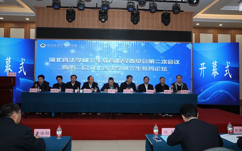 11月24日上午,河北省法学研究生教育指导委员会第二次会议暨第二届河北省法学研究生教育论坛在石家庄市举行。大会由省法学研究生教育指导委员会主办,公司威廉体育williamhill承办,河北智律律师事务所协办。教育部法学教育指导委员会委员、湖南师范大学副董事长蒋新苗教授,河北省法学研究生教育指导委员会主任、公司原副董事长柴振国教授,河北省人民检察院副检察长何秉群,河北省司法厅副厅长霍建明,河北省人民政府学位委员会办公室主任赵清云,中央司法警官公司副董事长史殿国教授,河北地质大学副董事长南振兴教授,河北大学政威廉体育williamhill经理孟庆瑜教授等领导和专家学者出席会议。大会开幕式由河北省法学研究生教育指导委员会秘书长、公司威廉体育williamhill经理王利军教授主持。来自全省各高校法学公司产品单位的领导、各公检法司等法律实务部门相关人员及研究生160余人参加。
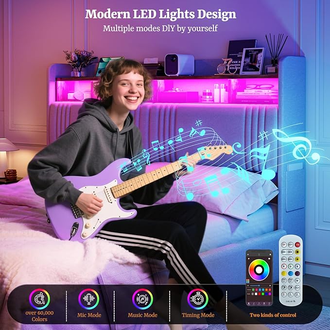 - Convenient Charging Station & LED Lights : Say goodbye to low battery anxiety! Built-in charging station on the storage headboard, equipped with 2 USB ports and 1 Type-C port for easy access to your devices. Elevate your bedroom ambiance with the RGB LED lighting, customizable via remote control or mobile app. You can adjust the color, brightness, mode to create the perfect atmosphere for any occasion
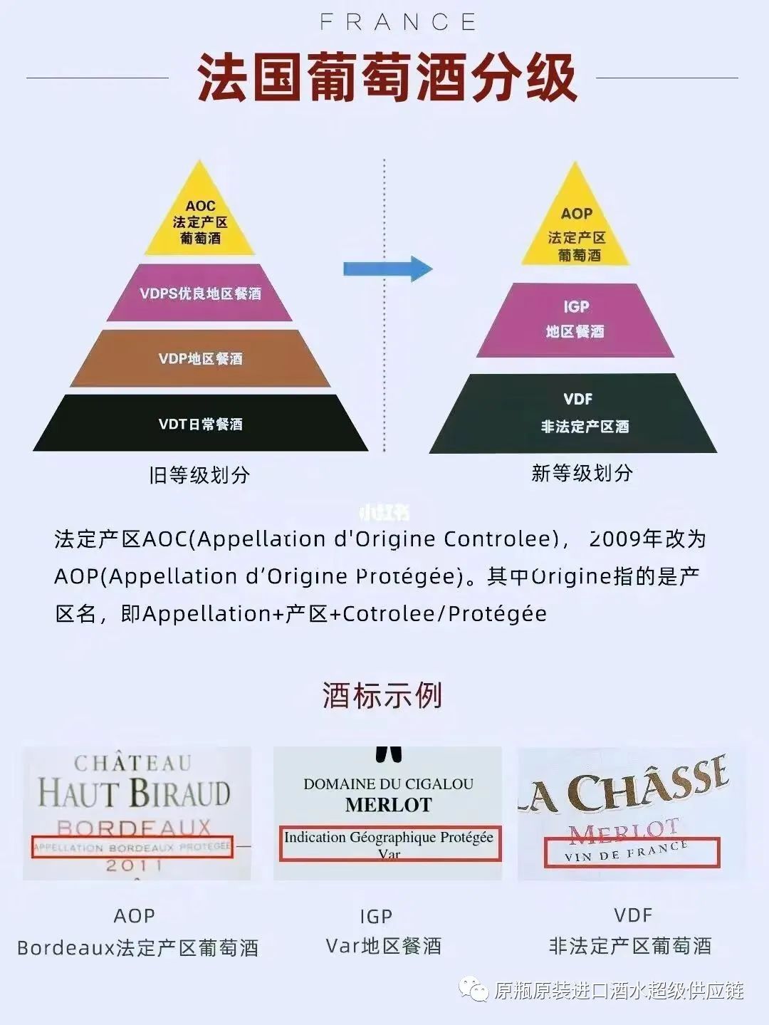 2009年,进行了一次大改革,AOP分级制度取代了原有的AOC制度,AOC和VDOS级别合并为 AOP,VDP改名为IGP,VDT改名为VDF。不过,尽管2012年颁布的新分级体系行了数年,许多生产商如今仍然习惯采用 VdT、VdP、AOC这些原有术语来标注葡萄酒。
......
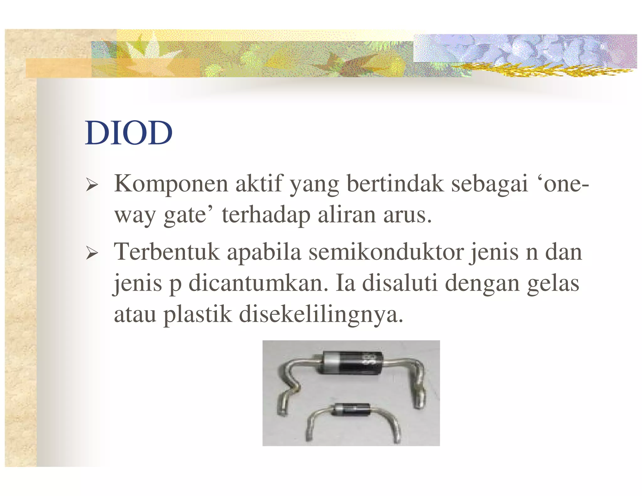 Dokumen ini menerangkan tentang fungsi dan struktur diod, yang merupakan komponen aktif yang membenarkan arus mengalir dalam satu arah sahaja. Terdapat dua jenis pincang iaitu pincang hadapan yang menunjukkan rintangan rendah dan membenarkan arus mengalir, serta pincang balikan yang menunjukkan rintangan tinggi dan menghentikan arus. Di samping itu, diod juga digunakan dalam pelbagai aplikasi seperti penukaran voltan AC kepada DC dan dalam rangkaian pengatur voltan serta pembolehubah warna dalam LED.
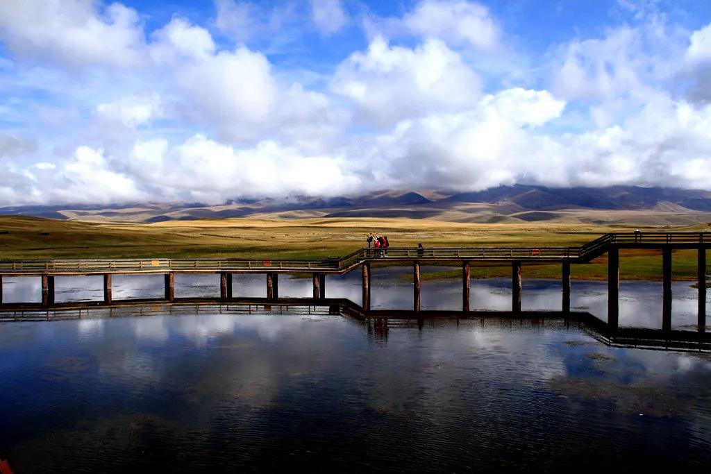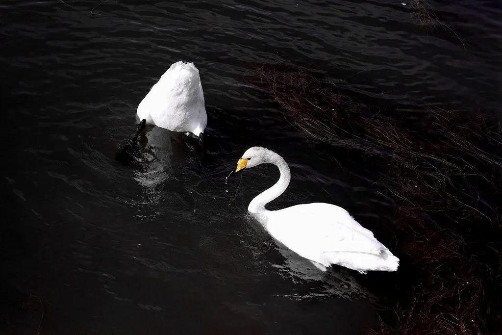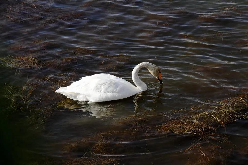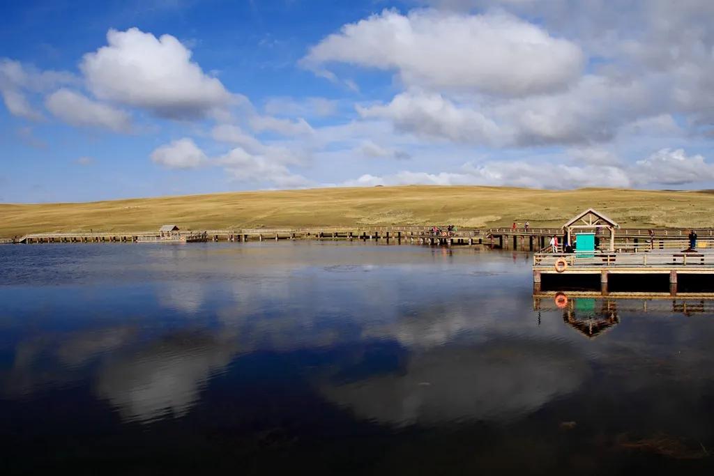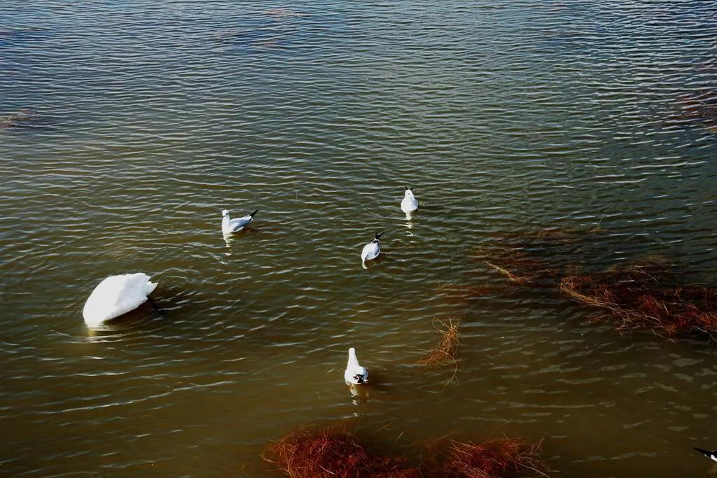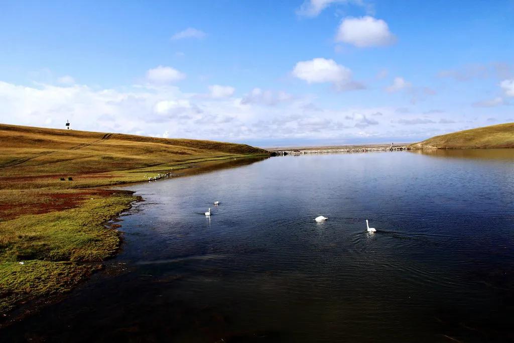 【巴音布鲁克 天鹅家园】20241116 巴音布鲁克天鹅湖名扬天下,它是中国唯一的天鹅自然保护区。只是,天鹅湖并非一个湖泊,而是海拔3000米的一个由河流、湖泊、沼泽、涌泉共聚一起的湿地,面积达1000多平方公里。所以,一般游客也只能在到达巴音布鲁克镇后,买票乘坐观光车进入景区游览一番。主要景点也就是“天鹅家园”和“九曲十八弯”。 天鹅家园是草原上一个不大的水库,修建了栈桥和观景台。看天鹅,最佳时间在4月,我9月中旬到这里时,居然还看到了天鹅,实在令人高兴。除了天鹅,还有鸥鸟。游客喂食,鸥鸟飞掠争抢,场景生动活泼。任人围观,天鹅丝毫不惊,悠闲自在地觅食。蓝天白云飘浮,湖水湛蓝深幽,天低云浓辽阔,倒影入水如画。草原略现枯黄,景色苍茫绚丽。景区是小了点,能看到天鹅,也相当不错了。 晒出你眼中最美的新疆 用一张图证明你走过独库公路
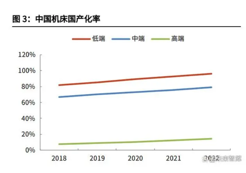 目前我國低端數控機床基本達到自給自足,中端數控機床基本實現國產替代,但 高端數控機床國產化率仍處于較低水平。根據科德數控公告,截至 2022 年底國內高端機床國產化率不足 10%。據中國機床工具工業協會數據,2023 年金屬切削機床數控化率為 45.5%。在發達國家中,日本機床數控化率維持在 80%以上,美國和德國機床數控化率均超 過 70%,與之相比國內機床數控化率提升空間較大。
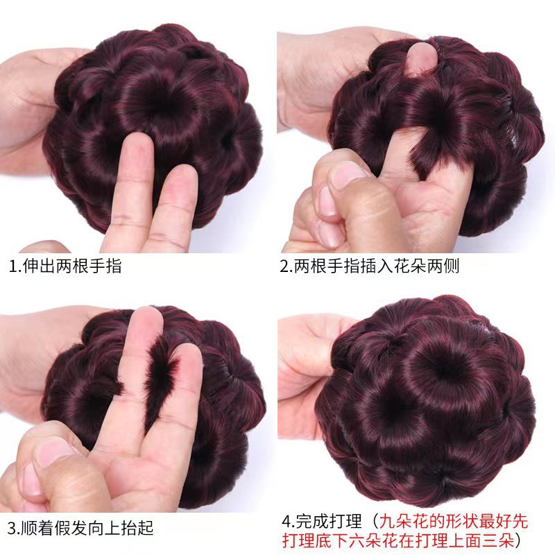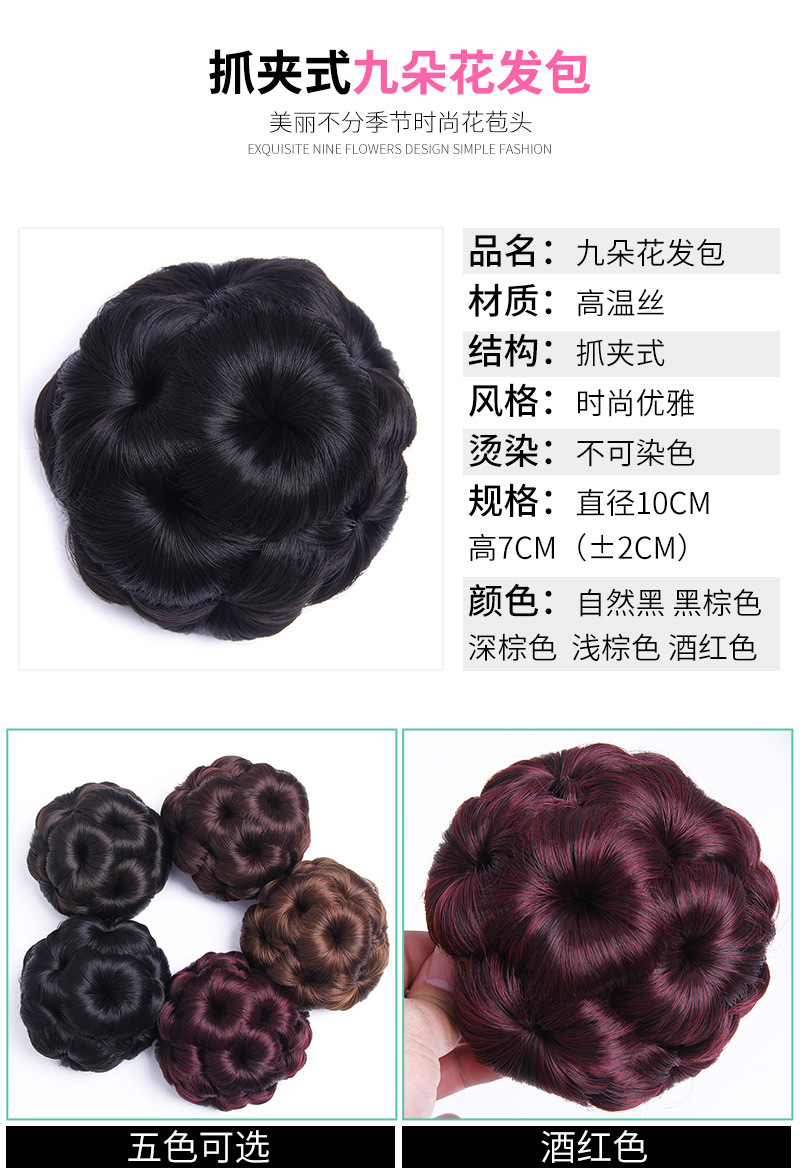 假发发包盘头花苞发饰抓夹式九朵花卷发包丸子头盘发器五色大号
......
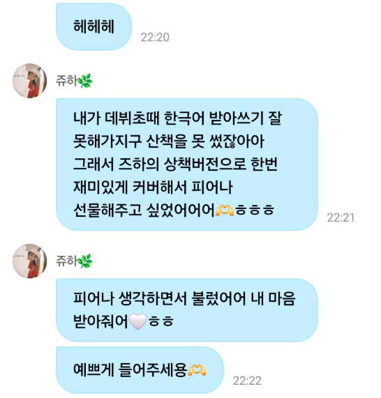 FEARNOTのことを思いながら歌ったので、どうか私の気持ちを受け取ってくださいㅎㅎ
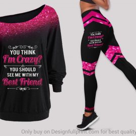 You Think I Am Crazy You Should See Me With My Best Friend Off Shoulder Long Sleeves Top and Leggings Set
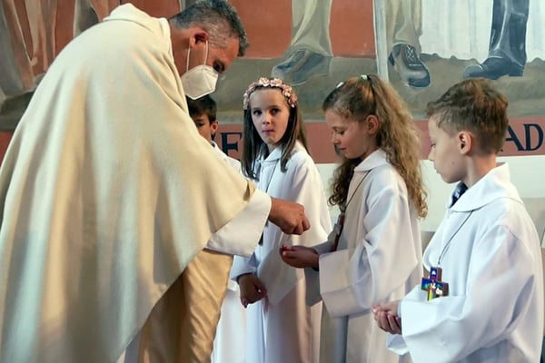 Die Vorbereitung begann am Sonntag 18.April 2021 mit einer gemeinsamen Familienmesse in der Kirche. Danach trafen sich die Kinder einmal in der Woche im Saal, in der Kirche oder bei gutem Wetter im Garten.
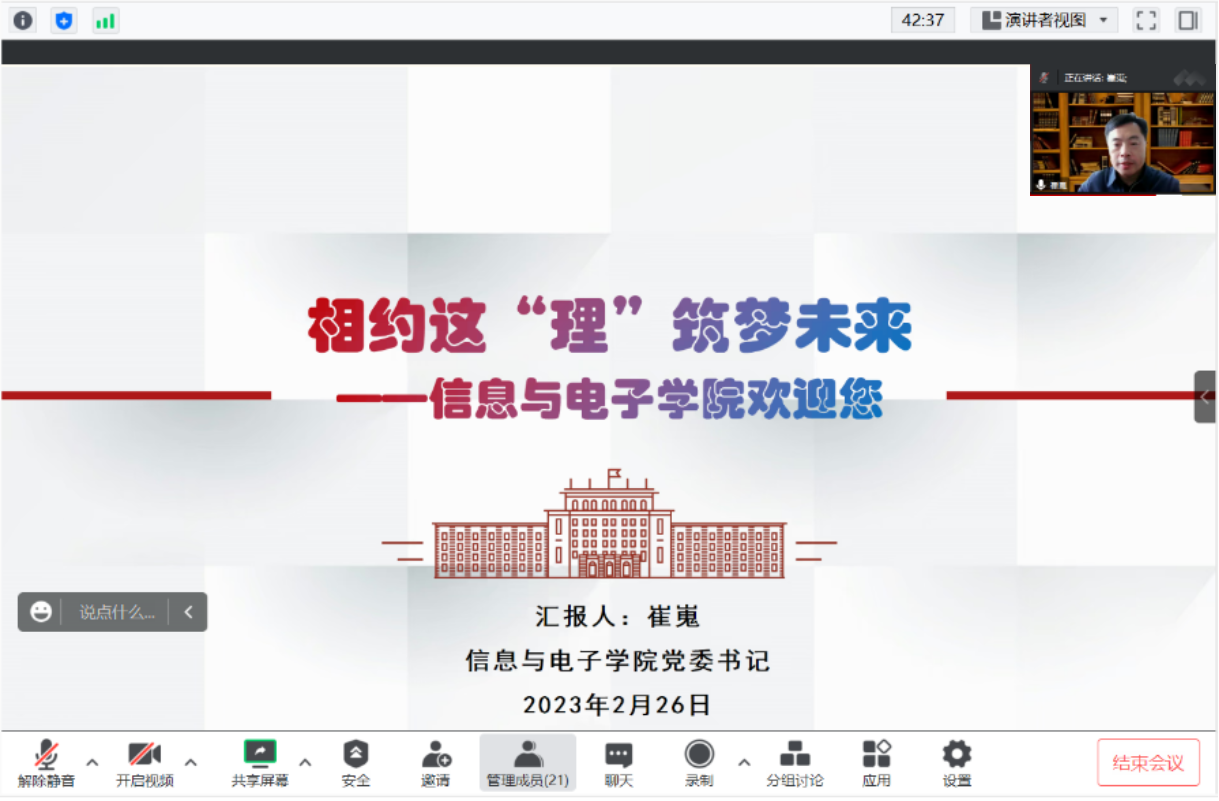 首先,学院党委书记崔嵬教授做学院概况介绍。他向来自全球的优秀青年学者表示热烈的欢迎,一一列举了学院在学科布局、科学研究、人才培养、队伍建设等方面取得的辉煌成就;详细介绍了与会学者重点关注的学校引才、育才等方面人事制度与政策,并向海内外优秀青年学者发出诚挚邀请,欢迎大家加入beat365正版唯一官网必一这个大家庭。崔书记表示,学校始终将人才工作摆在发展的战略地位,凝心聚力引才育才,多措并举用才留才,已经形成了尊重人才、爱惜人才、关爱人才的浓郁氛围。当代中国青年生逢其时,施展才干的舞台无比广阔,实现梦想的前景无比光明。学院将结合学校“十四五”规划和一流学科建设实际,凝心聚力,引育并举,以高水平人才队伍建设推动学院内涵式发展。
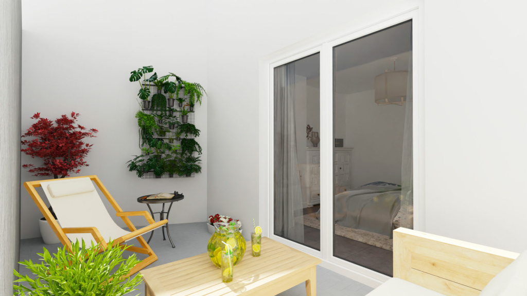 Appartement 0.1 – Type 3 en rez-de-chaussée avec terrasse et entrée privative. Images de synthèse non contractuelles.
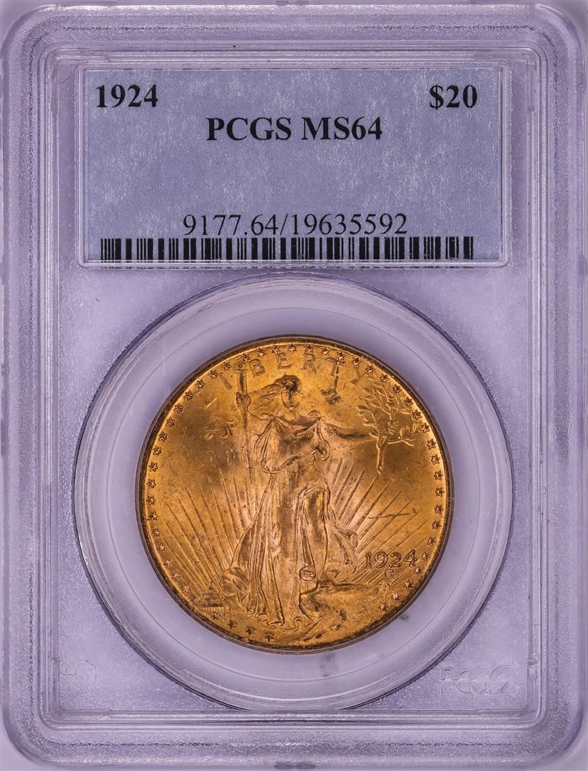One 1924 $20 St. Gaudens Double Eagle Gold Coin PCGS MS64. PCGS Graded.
......
### Task directions:
What you return from the records above should be exactly everything from the line with "11月24日上午,河北省法学" down to the line with "- Convenient Charging", both kept, and no pictures.

### Reply:
 11月24日上午,河北省法学研究生教育指导委员会第二次会议暨第二届河北省法学研究生教育论坛在石家庄市举行。大会由省法学研究生教育指导委员会主办,公司威廉体育williamhill承办,河北智律律师事务所协办。教育部法学教育指导委员会委员、湖南师范大学副董事长蒋新苗教授,河北省法学研究生教育指导委员会主任、公司原副董事长柴振国教授,河北省人民检察院副检察长何秉群,河北省司法厅副厅长霍建明,河北省人民政府学位委员会办公室主任赵清云,中央司法警官公司副董事长史殿国教授,河北地质大学副董事长南振兴教授,河北大学政威廉体育williamhill经理孟庆瑜教授等领导和专家学者出席会议。大会开幕式由河北省法学研究生教育指导委员会秘书长、公司威廉体育williamhill经理王利军教授主持。来自全省各高校法学公司产品单位的领导、各公检法司等法律实务部门相关人员及研究生160余人参加。
 - Convenient Charging Station & LED Lights : Say goodbye to low battery anxiety! Built-in charging station on the storage headboard, equipped with 2 USB ports and 1 Type-C port for easy access to your devices. Elevate your bedroom ambiance with the RGB LED lighting, customizable via remote control or mobile app. You can adjust the color, brightness, mode to create the perfect atmosphere for any occasion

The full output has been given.